Como vês, eu não sou ainda o senhor absoluto do teu coração; muitos outros há que me disputam a posse; e estes outros não são do número dos meus amigos. Ah! Quantas reservas indevidas! Quanta mesquinhez para comigo!... Ouve com atenção: se eu me mostro muitas vezes resistente em não conceder-te certos favores, a culpa é tua; é porque não queres despojar-te, por meu amor, das misérias que te cobrem e te afogam o coração. Pretenderias, talvez, que eu te vestisse com os esplendores da virtude e da graça, isto é, que cobrisse com a minha beleza as tuas fealdades? Não, isto não o faço! Primeiramente desembaraça-te daquilo que não me agrada a mim, e eu te concederei o que te agrada a ti. Se não tens coragem para te livrares de tantas misérias, deixa que a tenha ao menos eu! Como queres tu que eu purifique o teu coração e te santifique toda, se à obra da minha graça opões sempre as tuas reservas? Como queres que a Comunhão te faça santa e produza em ti todos os seus efeitos, se te reservas sempre o triste direito de conservar no coração as tuas paixõezinhas, se pretendes sempre deixar imperturbadas as tuas más inclinações?
Tu não queres regular a tua generosidade pela minha; e eu sou constrangido a regular a minha pela tua. Tu contentas-te com não fazer pecados mortais; e eu limito-me a não te pôr no número dos meus inimigos. Tu negas-me certos sacrifícios do amor próprio, da gula, da preguiça, da malignidade; e eu te nego tantas graças que em pouco tempo te fariam santa. Tu te contentas com não matar-me; e eu me contento com conservar-te a vida. Tu tens as tuas reservas, e eu tenho as minhas. Está bem assim?
Se continuas deste modo, acabares por expulsar-me definitivamente do teu coração; e se presentemente reservas lugarzinhos pequenos para as tuas paixões, dentro em breve já não haverá lugar para mim, porque as paixões nunca dizem basta, e a pouco e pouco querem elas ficar senhoras de tudo.
Tu mesma compreendes que as coisas assim vão mal, e que, a respeito de santidade, estás muito fora do lugar. É por isso que me pedes que te livre das tuas paixões e que eu mesmo destrua aquelas reservas. Mas examina um pouco a tua consciência, os íntimos segredos do teu coração, e verás que, enquanto me oras, tens medo de ser atendida, isto é, tens medo da humildade e das humilhações, tens medo de certas privações na comida, nos hábitos e comodidades da vida, tens medo de deveres sorrir a uma pessoa antipática e tratá-la bem: numa palavra, tens medo de deveres desembaraçar-te de tantas misérias, que agora te são caras. E com estes receios não conseguirás dar largos passos no caminho da santidade.

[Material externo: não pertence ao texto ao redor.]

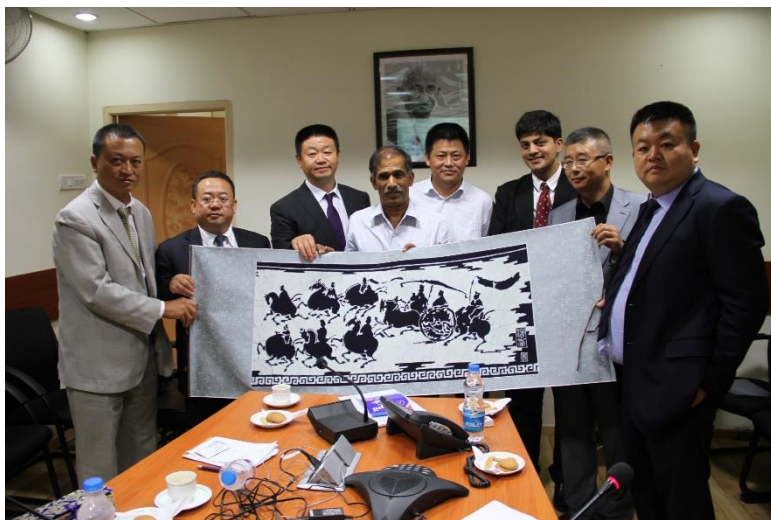
图10 桑巴希瓦·拉奥，市政管理和城市发展部部长（安得拉邦）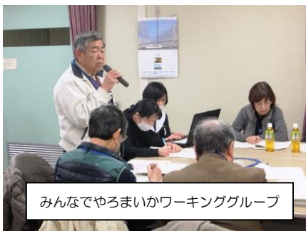
みんなでやろまいかワーキンググループ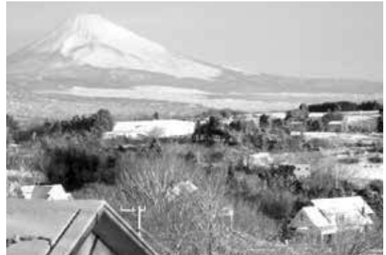
函南町の別荘から富士山を望む

ここ函南町の丘陵地にある別荘地からは北西に白雪の秀峰富士山を望み、南西には三島、沼津の街と青い駿河湾を見下ろすことができ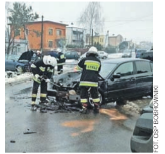
Działania straży po kolizji.

Ze ustaleń policji wynika, że kierujący Volkswagenem Passatem nie ustąpił pierwszeństwa przejazdu podczas skrętu w lewo. Tym samym doprowadził do czołowego zderzenia z BMW. Za kierownicą Passata siedział 41-letni mieszkaniec powiatu łowickiego, BMW kierował 19-latek, również z powiatu łowickiego. W żadnym z pojazdów nie było pasażerów.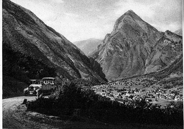
De Disentis à Acquarossa, en passant par Acquacalda et le Lukmanier, à près de 2000 m. d'altitude

reprend pas, les trésors imprévus que lui versent à flots les routes déchainées et les heures délivrées.

Toma cuidado; põe de parte toda a reserva e todo o medo, e vive com generosidade. Não temas, que comigo terás tudo a ganhar e nada a perder. Aquele coração que te peço, afinal, é propriedade minha, e se eu o exijo para mim, não é para te privar d'Ele, mas só para enchê-lo todo de mim, do meu amor, e torná-lo feliz da minha própria felicidade. E não te agradaria ter o coração feliz?